------ Excerpted data
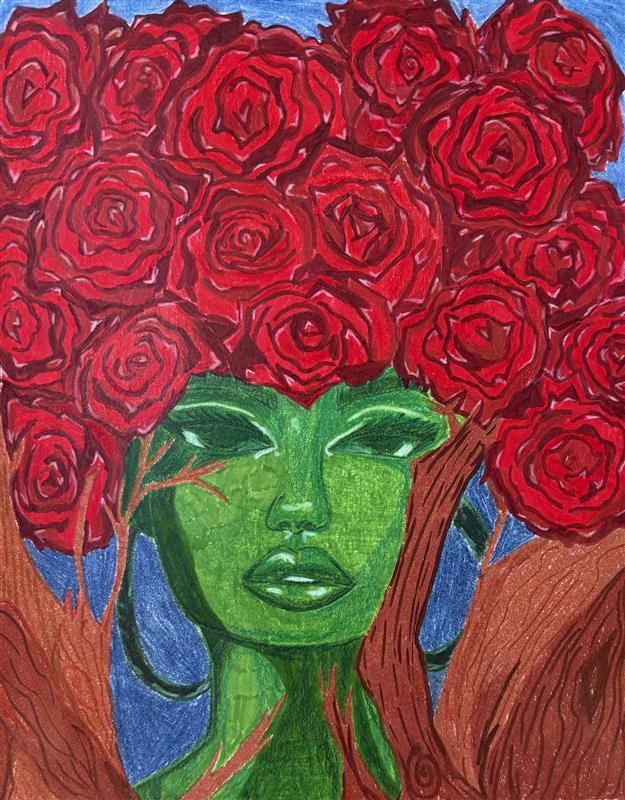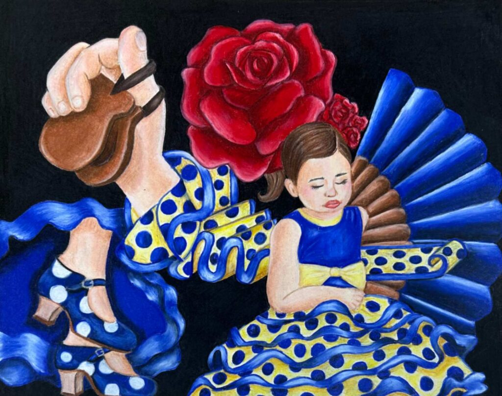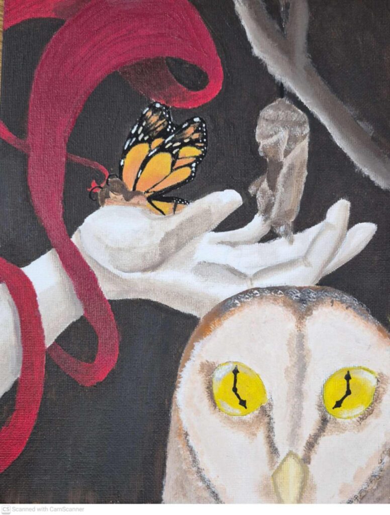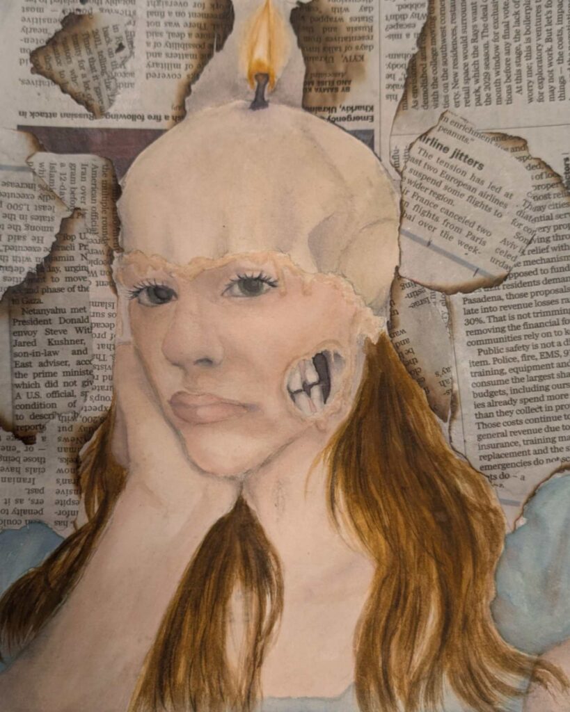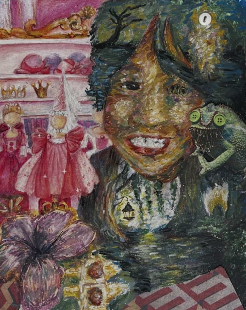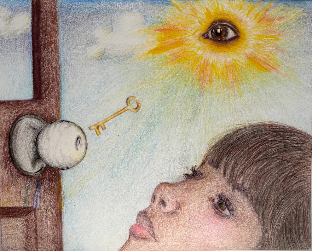 My piece Dalí and Me was inspired by how artists from the past, especially Salvador Dalí, shape the imagination of young artists today. I responded to the theme of the surreal self by blending portraiture with dreamlike symbolism. Using distortion and unexpected scale, I explored identity as fluid and strange, honoring Dalí’s ability to turn the familiar into something unforgettable.
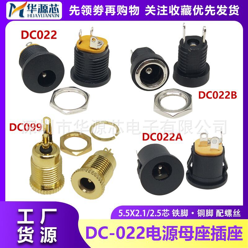 DC022A/K DC-022B 5.5*2.1/2.5 ワイヤー溶接ネジ丸穴メスソケット 2 ピン DC 電源ソケット
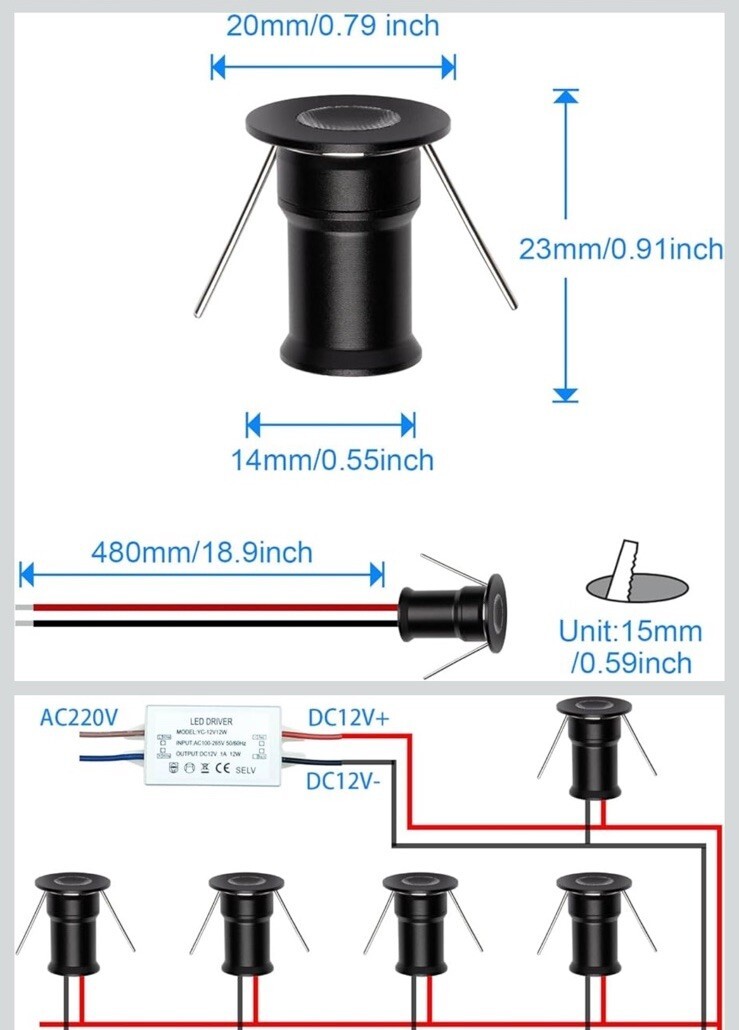 - 902 Led Mini Downlight DC12V 1WSuitable for bookcasescabinetsand Various Disp...
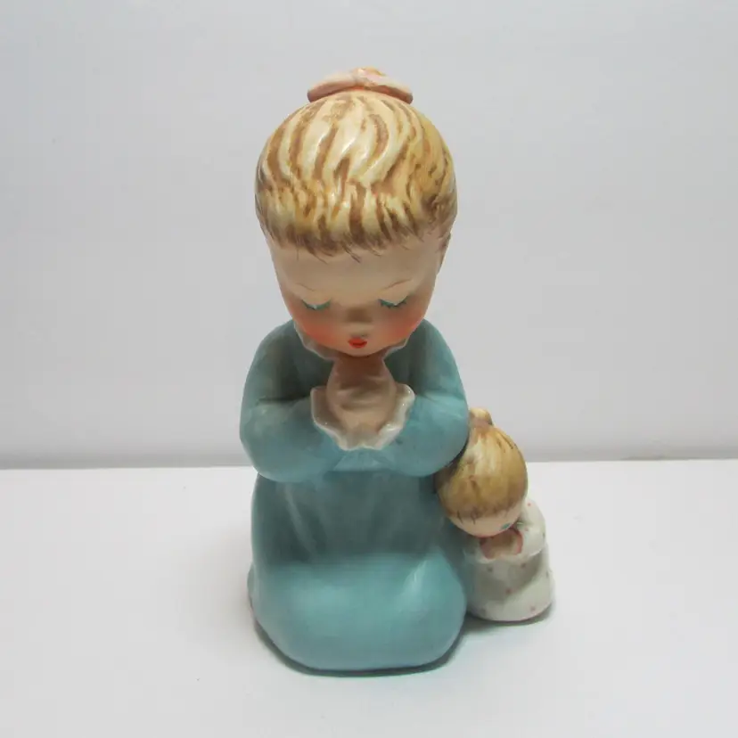 This adorable figure has some wear, there is some crazing on the bottom. She is about 6 1/2" x 4" x 3 1/2". This is shipped from a smoke free home. Thanks for looking! locfb23
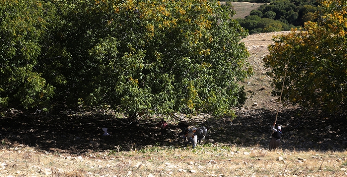 Ailesiyle ceviz toplayan Sevgi Akçan, "Ceviz toplama çok meşakkatli. Dik yamaçlardan yürümek çok zor. Geçen yıllarda ağaçtan düşüp ölenler de oldu. Burası köyün ortak ceviz bahçesi. Herkes istediği gibi toplayabiliyor." ifadelerini kullandı.
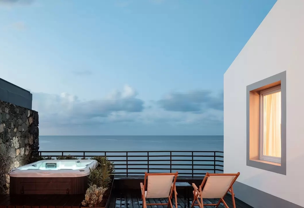 The hotel’s architecture is a tasteful synthesis of modern architectural features with regional workmanship. The calm ambiance is accentuated by its predominately white color scheme, which also lets the colorful surroundings take center stage. The expansive windows and private patios ensure that guests are always in touch with the enchanting natural beauty of the Azores. These views include the Atlantic Ocean, beautiful gardens, and the adjacent islands.
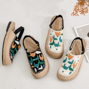 L05精致狐貍刺繡平底夏季 新款 深口包頭亞麻布鞋 涼鞋由
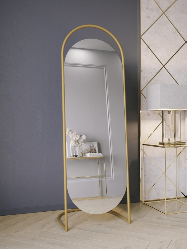 Зеркало «Queen». Артикул GMZ-01-1/2/3 Дизайнерское напольное зеркало в полный рост в металлической овальной раме ручной работы выполнено в минималистичном стиле. Простая изысканность форм и современный дизайн делает его уместным практически в любом интерьере. Оно может быть установлено в спальне, прихожей, гостиной, где за счёт своих внушительных размеров способно расширить пространство и создать иллюзию источника освещения. Зеркальное полотно изготовлено известным бельгийским производителем AGC и воплощает в себе старинные европейские традиции в совокупности с новейшими технологиями изготовления стекла. Наклон зеркала оптимальный фиксированный, что позволяет отражать любой рост.Характеристики:– профиль рамы – труба, диаметром 20 мм; – габариты – 1650х540х400 мм; – размер зеркального полотна – 1350х500 мм, толщина – 4 мм; – вес – 11 кг; – устойчивая двухслойная порошковая окраска; – возможные цвета – золотой, чёрный, белый.
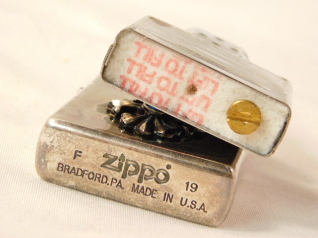 ◆必ず最後までお読みください◆ クリックポスト 送料 全国一律185円又は レターパックプラス送料600円をご負担ください。 ※お引き取り歓迎です。お引き取りに来られる場合は、梱包をしませんので、お取メッセージに、ご落札翌日のAM9時までにご連絡くださいm(__)m(引取りは金・土・日以外の朝9時~17時00分まで可能その他ご相談) ※ご落札後、同梱をご希望の商品がありましたら翌日朝9時までに「同梱依頼をする」をチェックしてご連絡ください。こちらから折り返し送料のご連絡をさせていただきます。 ※配送の日時を指定される場合,その他ご要望がありましたら ご落札翌日朝9時までに、お取引メッセージにお知らせ願います。発送の都合でそれ以降にご連絡いただいた内容のご要望はお受けできない場合がありますので予めご了承願います。ご指定日時やご要望は簡潔にご記入ください(宅急便指定可能時間→午前中・14~16時・16~18時・18~20時・19~21時) 十字架の真ん中に ターコイズ?のような感じの水色の石がついています ★リッド(上蓋) スレキズ【あり】 ・ボトムケース スレキズ【あり】 ・ボトムコード F 19 ・インサイドユニット MADE IN USA ZIPPO MFG. CO. BRADFORD・PA E 18 ・ホイール(石)(指で回せますが 硬いです) ・着火【しませんでした。】 ・火花が【ちりませんでした。】 ・クリック音はします(私的には普通の音だと思います) ・書いてあること SILVER Cross /BRADFORD・PA MADE IN USA (横にNo.268と刻印あり)SILVER Cross REGENERATION OF AESTHETISC FROM CELTICERA
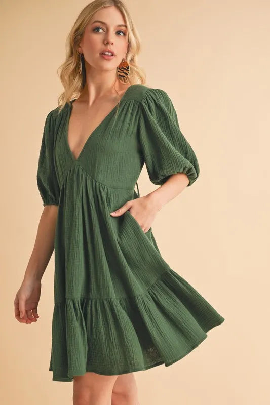 Aemi+Co Tied Back Ruffled Short Sleeve Mini Dress
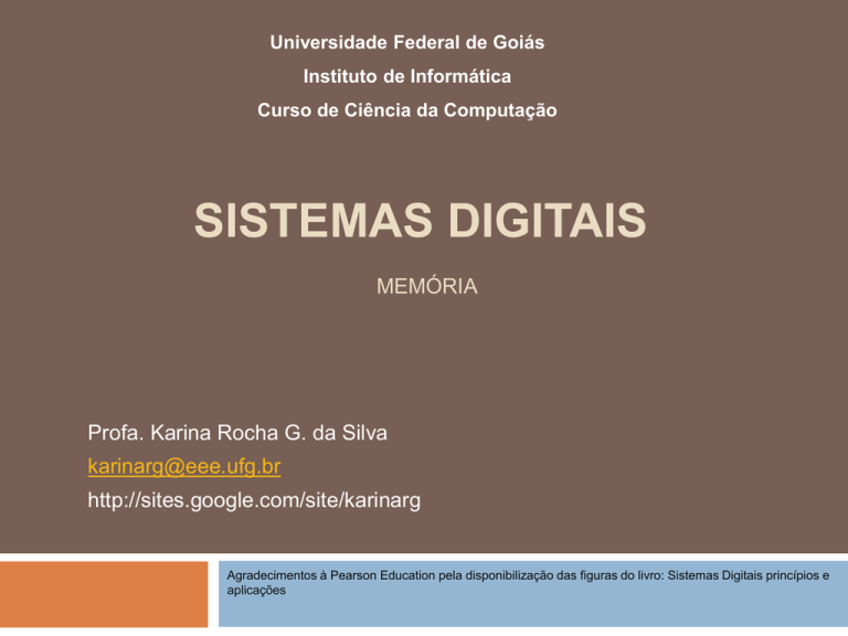 Universidade Federal de Goiás Instituto de Informática Curso de Ciência da Computação SISTEMAS DIGITAIS MEMÓRIA Profa. Karina Rocha G. da Silva [email protected] http://sites.google.com/site/karinarg Agradecimentos à Pearson Education pela disponibilização das figuras do livro: Sistemas Digitais princípios e aplicações Conexões CPU-Memória 2 A memória principal de um computador é construída com Cis de RAMs e ROMs São interfaceados com a CPU por 3 grupos de linhas de sinais ou barramentos. Profa. Dra. Karina Rocha G. da Silva - Universidade Federal de Goiás 31/05/2017 Conexões CPU-Memória 3 Linhas de endereço ou barramento de endereço Linhas de dados ou barramentos de dados Linhas de controle ou barramentos de controle Profa. Dra. Karina Rocha G. da Silva - Universidade Federal de Goiás 31/05/2017 Conexões CPU-Memória 4 Cada barramento consiste de diversas linhas O número de linhas varia de um computador para o outro Os três barramentos são fundamentais para permitir que a CPU escreva doados na memória e leia dados da memória Profa. Dra. Karina Rocha G. da Silva - Universidade Federal de Goiás 31/05/2017 Conexões CPU-Memória 5 Quando um computador está executando instruções de um programa: A CPU busca (lê) informações da área de memória que contêm as instruções do programa A CPU busca (lê) dados sobre os quais as operações são realizadas A CPU armazena dados em posições da memória conforme instruções do programa Profa. Dra. Karina Rocha G. da Silva - Universidade Federal de Goiás 31/05/2017 Operação de escrita 6 Operação de escrita A CPU fornece o endereço binário da posição da memória em que o dado será armazenado. Coloca esse endereço nas linhas de barramento de endereço A CPU coloca os dados a serem armazenados no barramento de dados A CPU ativa as linhas de controle para a operação de escrita na memória Os Cis da memória decodificam o endereço binário para determinar o local de escrita Os dados são colocados na posição da memória Profa. Dra. Karina Rocha G. da Silva - Universidade Federal de Goiás 31/05/2017 Operação de leitura 7 Operação de leitura A CPU fornece o endereço binário na posição que o dado deve ser recuperado Coloca o endereço no barramento de endereço CPU ativa as linhas de controle apropriadas para a operação de leitura Os Cis da memória decodificam o endereço binário para determinar a posição para a leitura Colocam o dado no barramento de dados e os transfere para a CPU Profa. Dra. Karina Rocha G. da Silva - Universidade Federal de Goiás 31/05/2017 Função de cada barramento 8 Função de cada barramento: Barramento de endereço: Unidirecional Transporta as saídas binárias de endereço da CPU para os CIS de memória para selecionar uma posição de memória Barranebto de dados: Barramento bidirecional Transporta dados entre a CPU eos Cis de memória Profa. Dra. Karina Rocha G. da Silva - Universidade Federal de Goiás 31/05/2017 Função de cada barramento 9 Função de cada barramento: Barramento Transporta de controle sinais de controle da CPU para os Cis de memória Exemplo: sinais de R/W Profa. Dra. Karina Rocha G. da Silva - Universidade Federal de Goiás 31/05/2017 Memória apenas de leitura 10 Memória apenas de leitura Projetada para manter os dados que são permanentes ou que não mudam com frequencia Durante operações normais nenhum novo dado pode ser escrito na ROM, mas podem ser lidos dela Algumas ROMs devem ser gravadas durante o processo de fabricação Algumas RAMs podem ser gravadas eletricamente O processo de inserção de dados é chamado de programação ou queima da ROM Profa. Dra. Karina Rocha G. da Silva - Universidade Federal de Goiás 31/05/2017 Memória apenas de leitura 11 Algumas ROMs não podem ter seus dados alterados uma vez que eles tenham sido programados Algumas ROMs podem ser apagadas ou reprogramadas tantas vezes quanto desejado O principal uso de uma Rom é para o armazenamento de dados de um microcomputador Como a ROM não é volátil, esses dados não se perdem quando a energia elétrica é desligada Profa. Dra. Karina Rocha G. da Silva - Universidade Federal de Goiás 31/05/2017 Memória apenas de leitura 12 Quando o computador é desligado ele pode iniciar imediatamente a execução do programa armazenado na ROM As ROMs também são usadas em equipamentos como: Caixas registradoras Aparelhos e sistemas de segurança Profa. Dra. Karina Rocha G. da Silva - Universidade Federal de Goiás 31/05/2017 Diagrama em bloco de uma ROM 13 Diagrama de bloco de uma ROM Possui 3 conjuntos de sinais: entrada de endereço, entrada de controle e saída de dados Essa ROM armazena 16 palavras Saída da ROM permite a conexão de vários Cis de ROM no mesmo barramento de dados para expansão da memória. Profa. Dra. Karina Rocha G. da Silva - Universidade Federal de Goiás 31/05/2017 Diagrama em bloco de uma ROM 14 Profa. Dra. Karina Rocha G. da Silva - Universidade Federal de Goiás 31/05/2017 Diagrama em bloco de uma ROM 15 A entrada de controle CS é a entrada de seleção de chip (chip select) Essa entrada habilita e desabilita as saídas da ROM Pode ser chamada de CE (chip enable), OE (output enable) Profa. Dra. Karina Rocha G. da Silva - Universidade Federal de Goiás 31/05/2017 Operação de leitura 16 Para ler uma palavra precisamos fazer: Aplicar a entrada de endereço apropriada Ativar as entradas de controle Profa. Dra. Karina Rocha G. da Silva - Universidade Federal de Goiás 31/05/2017 Arquitetura da ROM 17 A arquitetura (estrutura) interna do CI de uma ROM é complexa Existem 4 partes básicas: Matriz de registradores Decodificador de linhas Decodificador de colunas Buffers de saídas Profa. Dra. Karina Rocha G. da Silva - Universidade Federal de Goiás 31/05/2017 Arquitetura da ROM 18 Profa. Dra. Karina Rocha G. da Silva - Universidade Federal de Goiás 31/05/2017 Matriz de registradores 19 Armazena os dados que são programados na ROM
------------
* _Instructions to follow_: Above are some records; quote exactly and only the lines that begin at the line containing "This adorable figure" and stop after the line containing "L05精致狐貍刺繡平底夏季 新款 深口包頭亞麻布鞋 涼鞋由", leaving out the pictures.

* _Finished task_:
 This adorable figure has some wear, there is some crazing on the bottom. She is about 6 1/2" x 4" x 3 1/2". This is shipped from a smoke free home. Thanks for looking! locfb23
 Ailesiyle ceviz toplayan Sevgi Akçan, "Ceviz toplama çok meşakkatli. Dik yamaçlardan yürümek çok zor. Geçen yıllarda ağaçtan düşüp ölenler de oldu. Burası köyün ortak ceviz bahçesi. Herkes istediği gibi toplayabiliyor." ifadelerini kullandı.
 The hotel’s architecture is a tasteful synthesis of modern architectural features with regional workmanship. The calm ambiance is accentuated by its predominately white color scheme, which also lets the colorful surroundings take center stage. The expansive windows and private patios ensure that guests are always in touch with the enchanting natural beauty of the Azores. These views include the Atlantic Ocean, beautiful gardens, and the adjacent islands.
 L05精致狐貍刺繡平底夏季 新款 深口包頭亞麻布鞋 涼鞋由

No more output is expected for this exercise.